Fodera guilty on another ASIC charge
Jailed former HIH CFO Dominic Fodera faces up to five more years' imprisonment after pleading guilty to a charge brought by the Australian Securities and Investments Commission (ASIC) in the Supreme Court of NSW.
ASIC alleges Mr Fodera failed to disclose the true nature of contractual arrangements between HIH and Hannover Re in order to obtain a beneficial accounting treatment.
An ASIC spokesman says the maximum penalty applying when the offence occurred in 1999 is $200,000 or five years' imprisonment, or both. Sentencing will take place on October 22.

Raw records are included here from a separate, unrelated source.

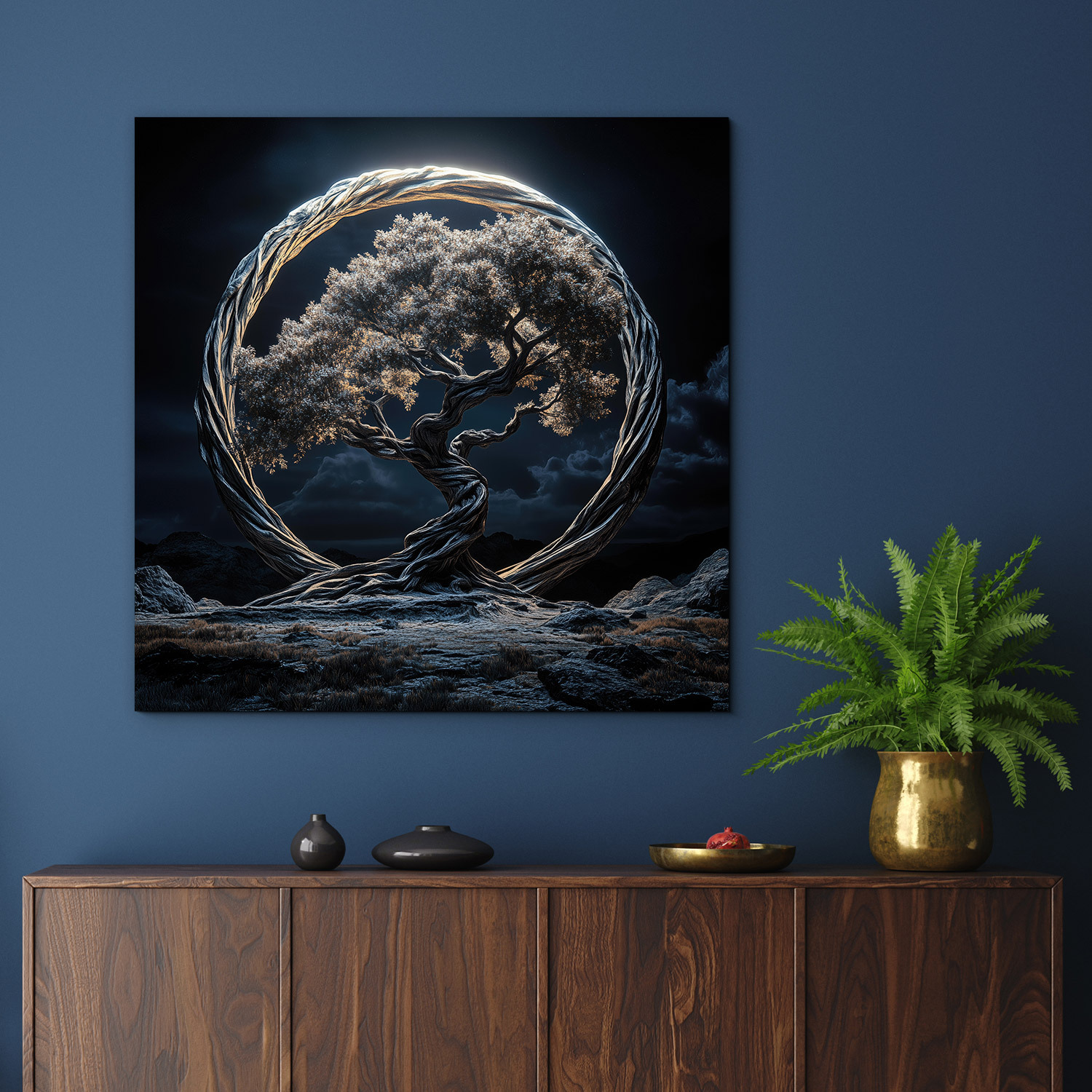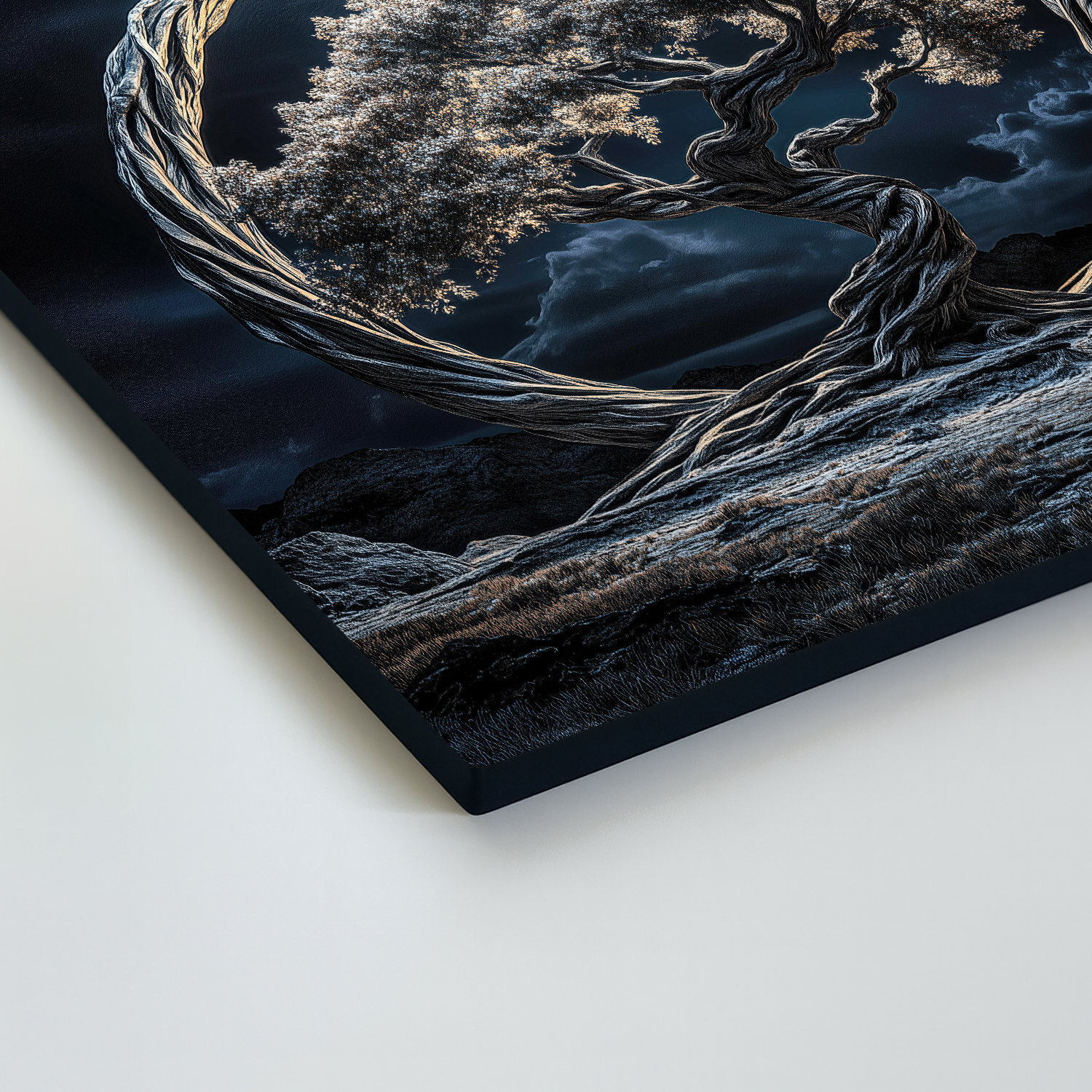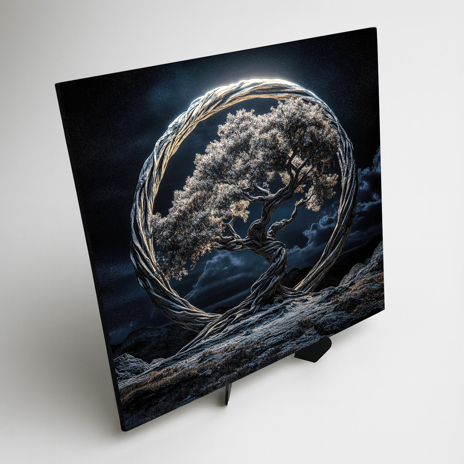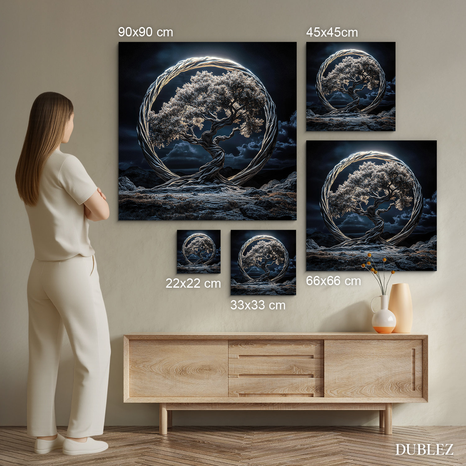Mystický obraz Strom života sa perfektne hodí do moderného interiéru, kde vynikne svojou temnou eleganciou a hlbokou symbolikou. Dominantný bonsaj s prepleteným kmeňom stojí uprostred kamennej krajiny, obklopený silným kruhom – symbolom ochrany. Detaily koruny stromu vnášajú do obrazu magickú žiaru, ktorá krásne vyniká na nočnom pozadí. Drevený obraz je ideálny do obývačky či kancelárie.
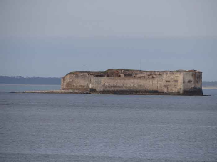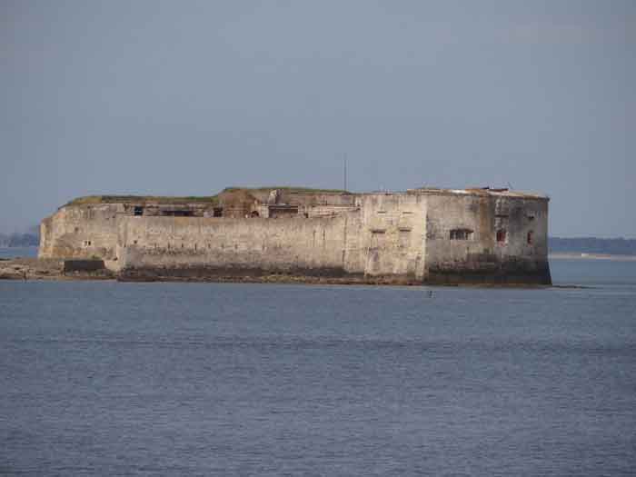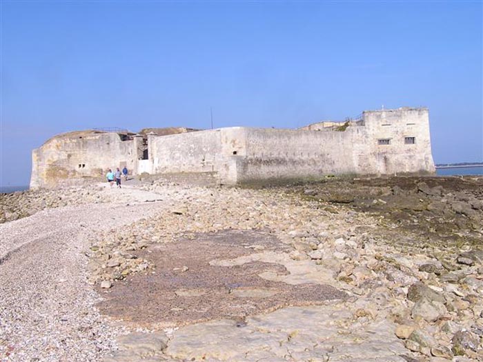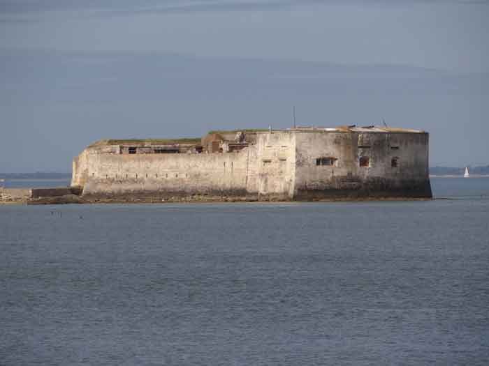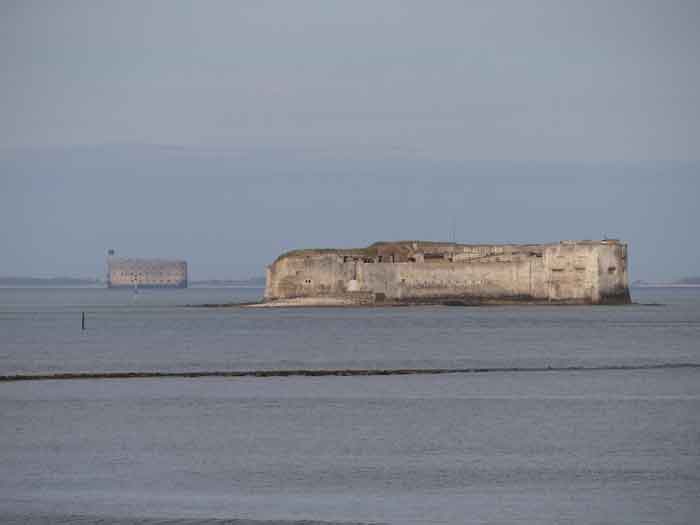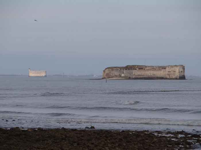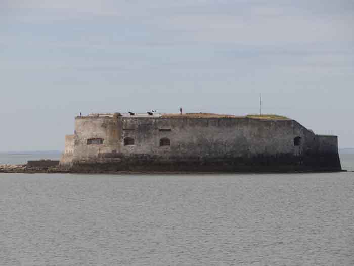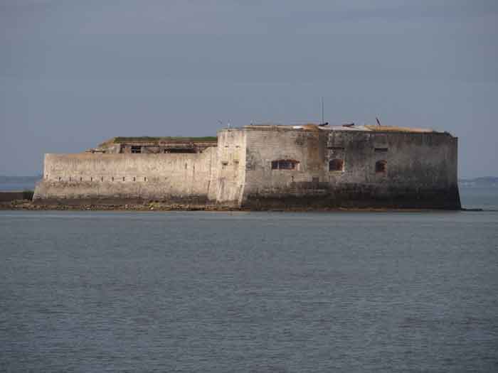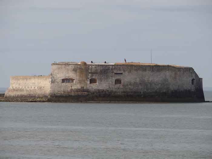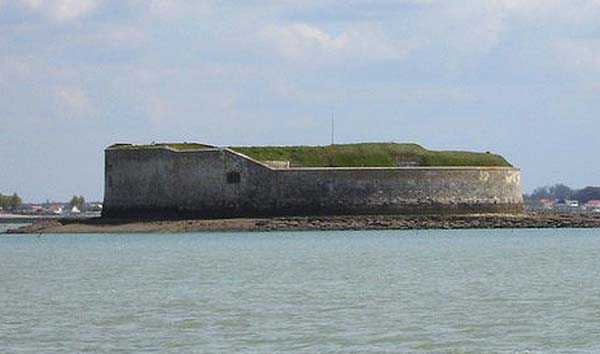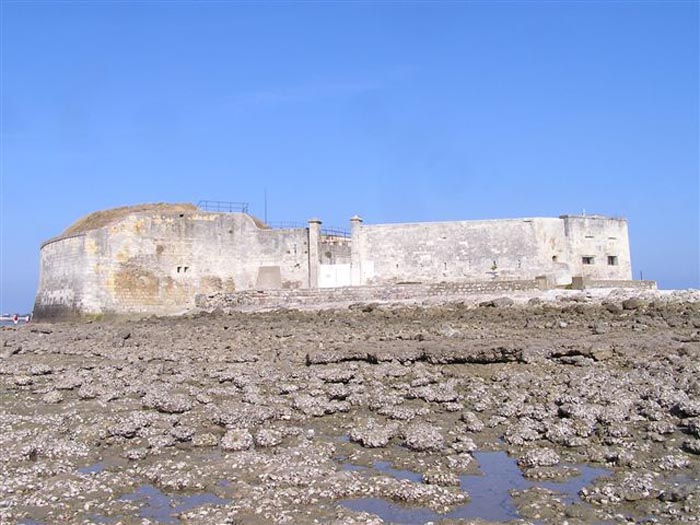 Place de Rochefort. Construit de 1809 à 1812 sur un îlot rocheux à l'embouchure de la Charente, il est joignable pédestrement à marée basse depuis la pointe de l'Aiguille. Il affecte la forme d'un demi-cercle avec une gorge rectiligne du centre de laquelle ressort une avancée triangulaire dans le flanc gauche de laquelle s'ouvre l'entrée. L'entrée franchie, on accède à une petite cour face aux quatre travées d'un bâtiment composé de chambrées et de magasins. Ces travées sont de longueurs inégales et, derrière les deux de droite est installé, perpendiculairement, le magasin à poudre. Ce dernier, à la voûte en plein cintre, comprend un seul créneau à lampe. Par la gauche de ces casemates, une galerie chicanée conduit à un parapet de tir épousant le tiers de l'escarpe frontale. À la droite de ces travées, quatre autres sur deux niveaux épousent la fin de la courbe du parapet. Le fort ayant servi de cible en 1863 et 1864 pour les tests de la nouvelle artillerie rayée, il sera réorganisé vers 1889. Au-dessus des quatre premières travées, seront disposées deux pièces de 27 c sur affûts P.A. qui croiseront leurs feux avec ceux de la batterie de Coudepont sur l'Île d'Aix. À droite de ces canons, deux autres de 19 c seront installés pour protéger la rade de la même île. En 1905, plates-formes et magasins seront bétonnés et deux batteries de petit calibre prendront place à l'arrière des locaux nord. Le premier magasin à poudre, élevé à la droite de l'entrée, a été conservé, mais le casernement initial a été rasé lors de la refonte de 1889. En 1888, l'État-major général le mentionnait comme "fort d'Énée". Propriété privée ; parfois ouverte au public.
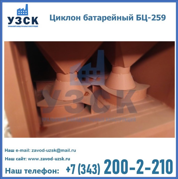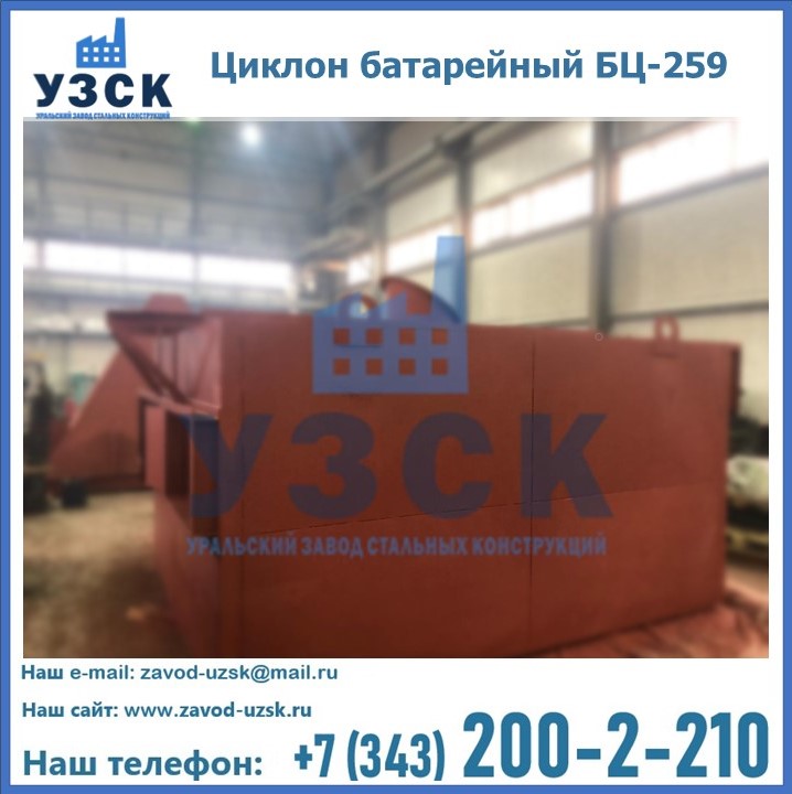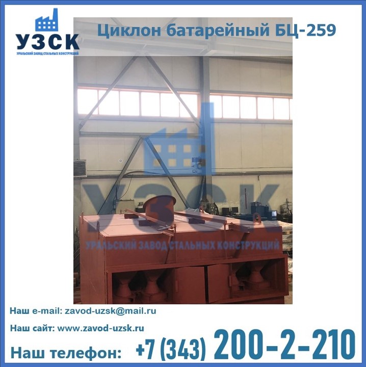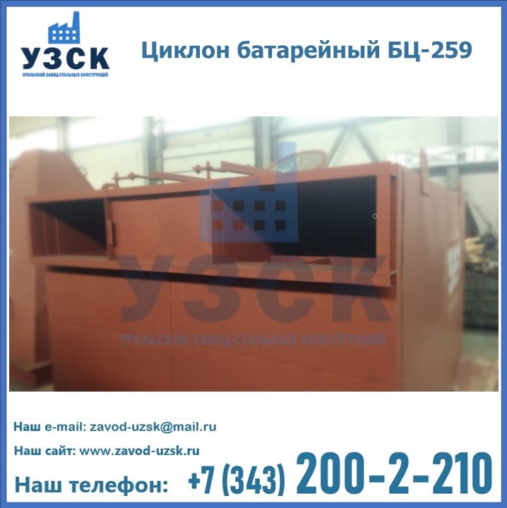 Приобрести качественное оборудование, в том числе, циклоны БЦ-259, можно в компании УЗСК в Новошахтинске. Мы предлагаем долговечную и надежную продукцию по приемлемой цене. Заказать и купить циклоны или другие изделия высокого качества можно через сайт Уральского Завода Стальных Конструкций, или позвонив по указанному в разделе «Контакты» телефону.

In June Mr Fodera became the ninth executive to be prosecuted as part of ASIC's investigation into the collapse of HIH, and the eighth to be given a custodial sentence. His three-year sentence was backdated to May 10 2007, with early release after two years on entering into a recognisance.
ASIC still has criminal prosecutions pending against three executives as a result of its investigation into HIH, which collapsed in 2001 with debts of $5.3 billion.
Former HIH Chairman Geoffrey Cohen will stand trial in March next year on a charge of making misleading statements about a joint venture between HIH and Allianz. And the trial of former FAI executives Ashraf Kamha and Daniel Wilkie is due to start in July.